Directions | What is needed is the full set of records, word for word, with no pictures.

*** Data for review Section Begins ***

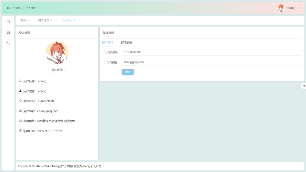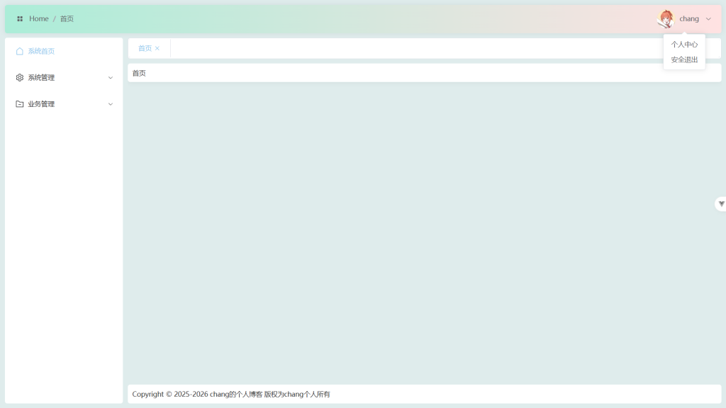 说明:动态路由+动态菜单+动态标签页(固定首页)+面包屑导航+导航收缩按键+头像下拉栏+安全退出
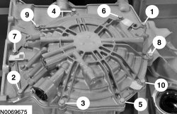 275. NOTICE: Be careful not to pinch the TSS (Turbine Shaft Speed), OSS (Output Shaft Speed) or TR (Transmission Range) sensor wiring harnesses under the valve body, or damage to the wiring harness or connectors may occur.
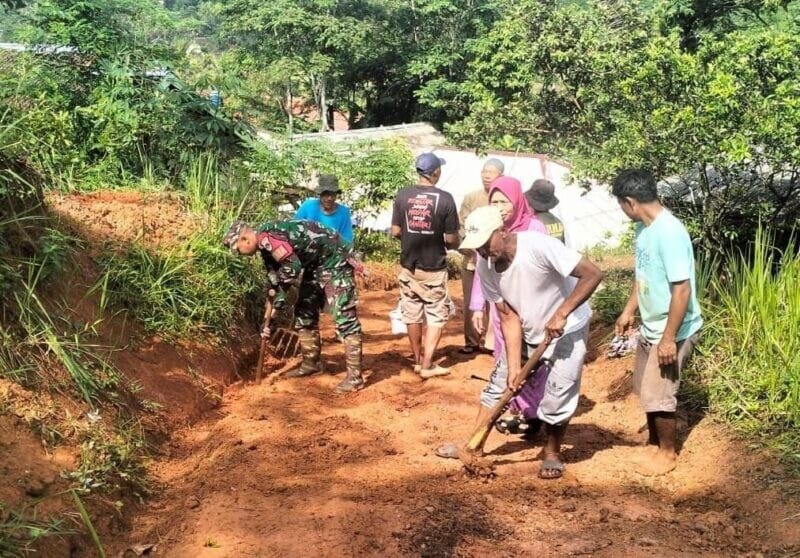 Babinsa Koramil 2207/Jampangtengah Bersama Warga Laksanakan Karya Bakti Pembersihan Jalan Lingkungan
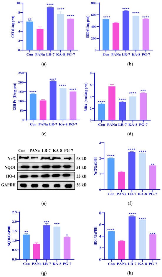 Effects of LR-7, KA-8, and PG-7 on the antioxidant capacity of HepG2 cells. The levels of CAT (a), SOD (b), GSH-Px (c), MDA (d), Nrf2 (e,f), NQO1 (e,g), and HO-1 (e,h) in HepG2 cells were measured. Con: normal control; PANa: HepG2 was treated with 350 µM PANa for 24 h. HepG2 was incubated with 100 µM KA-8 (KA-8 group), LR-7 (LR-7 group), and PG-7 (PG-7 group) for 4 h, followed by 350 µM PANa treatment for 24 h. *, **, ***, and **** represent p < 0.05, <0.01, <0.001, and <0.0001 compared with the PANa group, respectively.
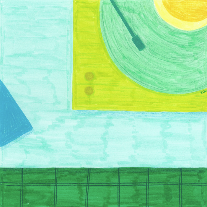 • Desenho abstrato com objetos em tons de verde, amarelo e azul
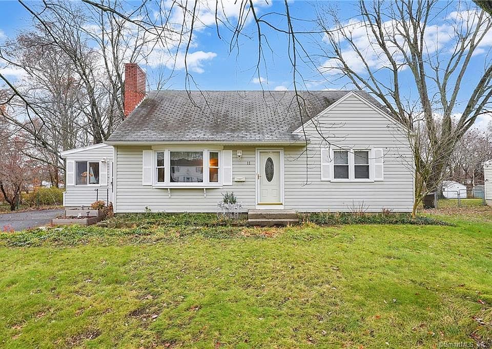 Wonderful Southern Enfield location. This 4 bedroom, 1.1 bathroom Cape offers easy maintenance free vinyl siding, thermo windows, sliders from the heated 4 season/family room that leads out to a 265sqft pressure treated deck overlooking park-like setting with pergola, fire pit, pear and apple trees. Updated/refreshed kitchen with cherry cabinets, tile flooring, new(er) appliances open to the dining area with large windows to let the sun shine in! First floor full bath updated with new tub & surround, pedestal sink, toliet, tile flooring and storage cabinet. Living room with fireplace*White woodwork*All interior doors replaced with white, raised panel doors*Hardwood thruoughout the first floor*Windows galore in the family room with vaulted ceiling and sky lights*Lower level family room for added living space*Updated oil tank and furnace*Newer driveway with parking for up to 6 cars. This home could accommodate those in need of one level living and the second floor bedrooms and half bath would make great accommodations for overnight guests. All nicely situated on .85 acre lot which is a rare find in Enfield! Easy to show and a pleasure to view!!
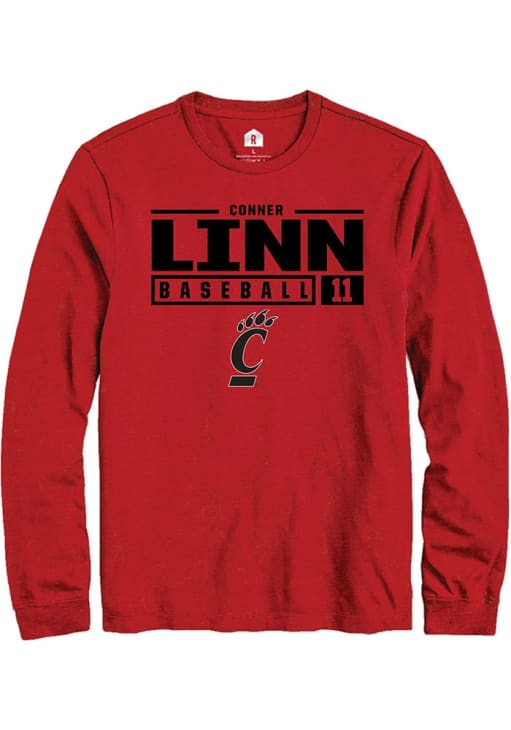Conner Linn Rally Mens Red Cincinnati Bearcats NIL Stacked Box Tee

*** Data for review Section Ends ***

Solution to this problem |
 说明:动态路由+动态菜单+动态标签页(固定首页)+面包屑导航+导航收缩按键+头像下拉栏+安全退出
 275. NOTICE: Be careful not to pinch the TSS (Turbine Shaft Speed), OSS (Output Shaft Speed) or TR (Transmission Range) sensor wiring harnesses under the valve body, or damage to the wiring harness or connectors may occur.
 Babinsa Koramil 2207/Jampangtengah Bersama Warga Laksanakan Karya Bakti Pembersihan Jalan Lingkungan
 Effects of LR-7, KA-8, and PG-7 on the antioxidant capacity of HepG2 cells. The levels of CAT (a), SOD (b), GSH-Px (c), MDA (d), Nrf2 (e,f), NQO1 (e,g), and HO-1 (e,h) in HepG2 cells were measured. Con: normal control; PANa: HepG2 was treated with 350 µM PANa for 24 h. HepG2 was incubated with 100 µM KA-8 (KA-8 group), LR-7 (LR-7 group), and PG-7 (PG-7 group) for 4 h, followed by 350 µM PANa treatment for 24 h. *, **, ***, and **** represent p < 0.05, <0.01, <0.001, and <0.0001 compared with the PANa group, respectively.
 • Desenho abstrato com objetos em tons de verde, amarelo e azul
 Wonderful Southern Enfield location. This 4 bedroom, 1.1 bathroom Cape offers easy maintenance free vinyl siding, thermo windows, sliders from the heated 4 season/family room that leads out to a 265sqft pressure treated deck overlooking park-like setting with pergola, fire pit, pear and apple trees. Updated/refreshed kitchen with cherry cabinets, tile flooring, new(er) appliances open to the dining area with large windows to let the sun shine in! First floor full bath updated with new tub & surround, pedestal sink, toliet, tile flooring and storage cabinet. Living room with fireplace*White woodwork*All interior doors replaced with white, raised panel doors*Hardwood thruoughout the first floor*Windows galore in the family room with vaulted ceiling and sky lights*Lower level family room for added living space*Updated oil tank and furnace*Newer driveway with parking for up to 6 cars. This home could accommodate those in need of one level living and the second floor bedrooms and half bath would make great accommodations for overnight guests. All nicely situated on .85 acre lot which is a rare find in Enfield! Easy to show and a pleasure to view!!
Conner Linn Rally Mens Red Cincinnati Bearcats NIL Stacked Box Tee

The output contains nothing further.